Offload cold data to s3 in cloud

In log analysis scenario, user could offload the cold data to s3 to reduce the cost. For example, vertica has support this feature. Does es have the plan to do this?

We are working on something called frozen indices that will let you sequentially search though previously closed indices. I am not sure of the timeline for that though.

could you provide more details about " sequentially search though previously closed indices" ?

Closed indices cannot be read, you need to open them, recover them and then read the data (and reclose them if you want). This needs to be done manually at the moment and we are working on a process to automate this.

So if you have indices from 2015, 2016 and 2017 that are all closed and you query for data that lives in 2015 and 2016 indices, it will open+recover+read+close the 2015 indices, then the 2016 indices automatically.
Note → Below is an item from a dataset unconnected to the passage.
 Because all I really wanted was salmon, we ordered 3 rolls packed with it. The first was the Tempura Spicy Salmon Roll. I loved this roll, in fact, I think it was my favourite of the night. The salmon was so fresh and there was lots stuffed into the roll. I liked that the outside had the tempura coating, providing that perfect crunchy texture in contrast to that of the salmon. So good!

This means you don 't end up using heap for lots of open shards.

Does the closed index is still in local disk or is moved to shared storage like s3?
I think it is better to move the closed index to s3 because it does not need to maintain replicas in es cluster and s3 is a bit cheaper than local storage. When user want to read the closed index, just open and read it doest not need recovery any more.

what do you think about it.

Closed indices still need to reside on disk. Elasticsearch does not support querying live indices from S3. Given the access patterns of Elasticsearch when querying, trying to serve queries from S3 (if it was possible) would most likely be unacceptably slow.

This topic was automatically closed 28 days after the last reply. New replies are no longer allowed.